Morphologically, postpartum thyroiditis is manifested by lymphocytic infiltration of the thyroid parenchyma without the formation of giant cells, and clinically by a change in the phases of transient thyrotoxicosis and hypothyroidism. As is known, pregnancy is combined with suppression of the immune system, which is aimed at maximizing tolerance to foreign antigens. During pregnancy, there is a change in the ratio of T-helpers (Th), with a predominance of Th-2, which, due to the production of IL-4, IL-5 and IL-10, contribute to immune suppression and tolerance, and a decrease in the amount of Th-1, which have cytotoxic and cytolytic effect upon activation by interferon γ and interleukin-2 (IL-2). This change in the Th-1/Th-2 ratio occurs due to the effects of maternal hormones that suppress the production of inflammatory cytokines. This is facilitated by catecholamines and glucocorticoids, estrogens and progesterone, vitamin D3, the level of which increases during pregnancy.

The thyroid gland has a unique ability to accumulate a large amount of ready-made thyroid hormones, which would be enough to provide the body for 2-3 months. Thyroid hormones and iodinated thyronins mainly accumulate in the colloid contained in the cavity of the thyroid gland follicles.
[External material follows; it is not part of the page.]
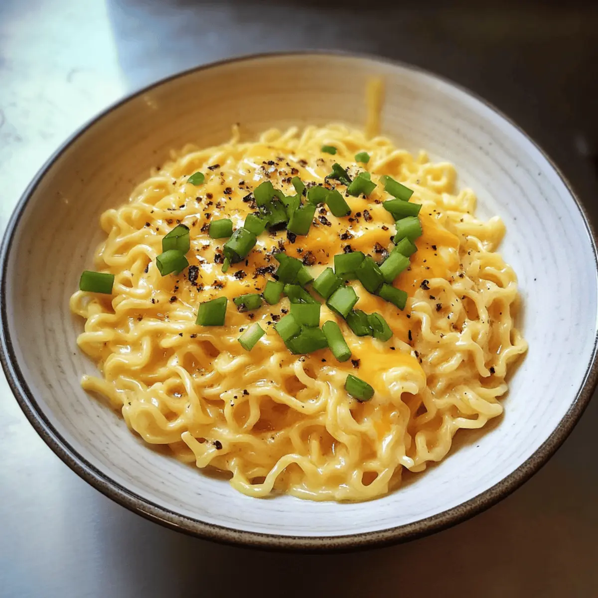 Als ich das erste Mal eine Schale Käse Ramen Nudeln vor mir hatte, fühlte ich mich sofort nach Hause versetzt. In nur fünf Minuten ist dieses Gericht ein wahrer Retter in der Not, besonders an hektischen Abenden, wenn die Familie nach etwas Warmem und Gemütlichem verlangt. Die Kombination aus geschmolzenem Käse und zarten Ramen-Nudeln schafft ein wunderbares Wohlfühlgericht, das Kinder und Erwachsene gleichermaßen begeistert. Mit einfachen Zutaten, die jeder daheim hat, lässt sich dieses Rezept schnell anpassen – sei es mit frischem Gemüse oder zartem Fleisch. Bereit, das perfekte, schnelle Gericht zu entdecken, das jeder lieben wird? Lass uns gleich loslegen! Warum sind Käse Ramen Nudeln so beliebt? Begeisterung für Käse: Diese Ramen sind eine cremige Umarmung für deinen Gaumen und vereinen die Liebe zu Komfortessen mit schneller Zubereitung. Einfach und schnell: In nur fünf Minuten zauberst du ein köstliches Gericht, perfekt für hektische Abende. Vielseitigkeit pur: Egal, ob du Gemüse oder Fleisch hinzufügst, dieses Rezept passt sich deinen Vorlieben an und bleibt dennoch unverwechselbar. Ideale Zutatenauswahl: Mit Zutaten, die du wahrscheinlich schon zu Hause hast, steht deinem Genuss nichts im Weg! Familienliebling: Die Kombination aus schmelzendem Käse und weichen Nudeln begeistert sowohl Kinder als auch Erwachsene und macht jede Mahlzeit zu einem besonderen Erlebnis. Lass dich inspirieren und entdecke auch andere variierte Rezepte! Käse Ramen Nudeln Zutaten • Für diese einfache Rezeptur benötigst du die folgenden Zutaten, um köstliche Käse Ramen Nudeln zu zaubern: Für die Ramen Instant Ramen Nudeln – Die Basis des Gerichts, jede Marke oder Geschmacksrichtung ist geeignet; die Geschmacksbeutel sollten vorher entfernt werden. Wasser – Essentiell zum Kochen der Nudeln; benötige dafür 2 Tassen für die perfekte Konsistenz. Für das Käse-Ramen Knoblauchpulver – Fügt einen aromatischen Kick hinzu und intensiviert den Geschmack. Butter – Macht das Gericht cremig und reichhaltig; kann durch Öl ersetzt werden, um es milchfrei zu gestalten. Geriebener Käse (Mozzarella, Cheddar, Parmesan) – Sorgt für die cremige Textur und den herzhaften Geschmack; mische verschiedene Käsesorten für noch mehr Vielfalt. Schwarzer Pfeffer – Fügt eine Prise Würze hinzu; nach Geschmack anpassen. Zum Garnieren Frühlingszwiebeln – Eine optionale Garnitur, die Frische und Farbe bringt; ideal für einen zusätzlichen Crunch. Diese Zutaten helfen dir, deine eigenen, köstlichen Käse Ramen Nudeln zuzubereiten – ein schnelles und einfaches Gericht, das sich wunderbar anpassen lässt! Schritt-für-Schritt-Anleitung für Käse Ramen Nudeln Step 1: Wasser zum Kochen bringen In einem Topf bringst du 2 Tassen Wasser zum Kochen. Achte darauf, dass das Wasser sprudelnd kocht, damit die Ramen-Nudeln gleichmäßig garen. Dies dauert in der Regel etwa 3-5 Minuten. Benutze einen geeigneten Kochtopf, um ein Überkochen zu verhindern. Step 2: Nudeln kochen Sobald das Wasser kocht, fügst du die Instant Ramen Nudeln hinzu. Koche die Nudeln für ca. 3-4 Minuten, bis sie al dente sind. Rühre gelegentlich um, damit die Nudeln nicht zusammenkleben. Das Wasser sollte nach dem Kochen trüb werden, was ein Zeichen für die Freisetzung der Stärke ist. Step 3: Wasser abgießen und Zutaten hinzufügen Nachdem die Nudeln gar sind, gieße das überschüssige Wasser ab, aber behalte ein wenig für die Creme-Konsistenz. Gib die Nudeln zurück in den Topf und füge 1 Esslöffel Butter, 1 Teelöffel Knoblauchpulver und frisch gemahlenen schwarzen Pfeffer nach Geschmack hinzu. Rühre alles gut um, bis die Butter vollständig geschmolzen ist. Step 4: Käse hinzufügen Füge nun eine gut gehäufte Tasse geriebenen Käse deiner Wahl zu den heißen Nudeln hinzu. Rühre kräftig, bis der Käse schmilzt und sich mit der Butter und den Nudeln verbindet. Nach etwa 1-2 Minuten solltest du eine cremige und leckere Käse Ramen Mischung haben. Step 5: Servieren und garnieren Verteile die Käse Ramen Nudeln auf Schalen und garniere sie nach Belieben mit frisch gehackten Frühlingszwiebeln. Diese bringen nicht nur Farbe, sondern auch einen erfrischenden Crunch. Serviere die Nudeln sofort heiß und genieße die köstliche und schnelle Mahlzeit! Käse Ramen Nudeln – Variationen & Anpassungen Lass deiner Kreativität freien Lauf und mach dieses Rezept zu deinem eigenen kulinarischen Meisterwerk! Vegetarische Optionen: Füge sautiertes Gemüse wie Brokkoli oder Spinat hinzu. So wird das Gericht bunt und gesund! Fleischvariationen: Integriere zarte Stücke von Hähnchen oder Garnelen für eine proteinreiche Ergänzung. Eine extra Portion Ei rundet das Ganze perfekt ab! Käse-Experiment: Probiere verschiedene Käsesorten wie Gouda oder spicy Pepper Jack aus. Das sorgt für ganz neue Geschmackserlebnisse. Würzige Note: Streue etwas rote Chili-Flocken oder einen Spritzer Sriracha darüber. Für alle, die es gerne feuriger mögen! Nussiger Geschmack: Ein Löffel Erdnussbutter in die Mischung geben, um eine cremige Herzhaftigkeit hinzuzufügen. Eine überraschende Wendung, die begeistert! Cremigkeit steigern: Ein Schuss Sahne oder ein Klecks Frischkäse verfeinert die Konsistenz und macht das Gericht unwiderstehlich cremig. Crunch-Faktor: Gebe geröstete Nüsse oder knusprige Zwiebeln als Topping hinzu. Das sorgt für tollen Biss und interessante Textur. Eine süße Note: Füge eine Prise Zucker oder Honig für einen unerwarteten süßlichen Kontrast hinzu. Eine raffinierte Erweiterung für deine Ramen! Probiere auch andere variierte Rezepte, um noch mehr Abwechslung in deiner Küche zu finden! Expert Tips für Käse Ramen Nudeln Richtige Kochzeit: Achte darauf, die Nudeln nicht zu lange zu kochen. Al dente Nudeln sind wichtig für die perfekte Textur deiner Käse Ramen Nudeln. Wasserabguss: Lass etwas Kochwasser in der Pfanne, um die Sauce cremiger zu gestalten. Zu viel Wasser kann das Gericht verwässern. Käs

Postpartum thyroiditis is a classic variant of destructive thyroiditis, in which there is a massive destruction of the thyroid gland follicles, resulting in an excess of thyroid hormones entering the bloodstream, which leads to the characteristic symptoms and laboratory picture of thyrotoxicosis. Destruction of thyroid follicles in postpartum thyroiditis is caused by transient autoimmune aggression, in the pathogenesis of which the main role belongs to immune reactivation, or the "rebound" phenomenon - a sharp increase in the activity of the immune system after its long physiological suppression during the gestation period, which in those predisposed to postpartum thyroiditis can provoke the development of many autoimmune diseases.

The classic variant of postpartum thyroiditis is characterized by the development of a phase of transient thyrotoxicosis, which is usually followed by a phase of transient hypothyroidism followed by recovery of euthyroidism.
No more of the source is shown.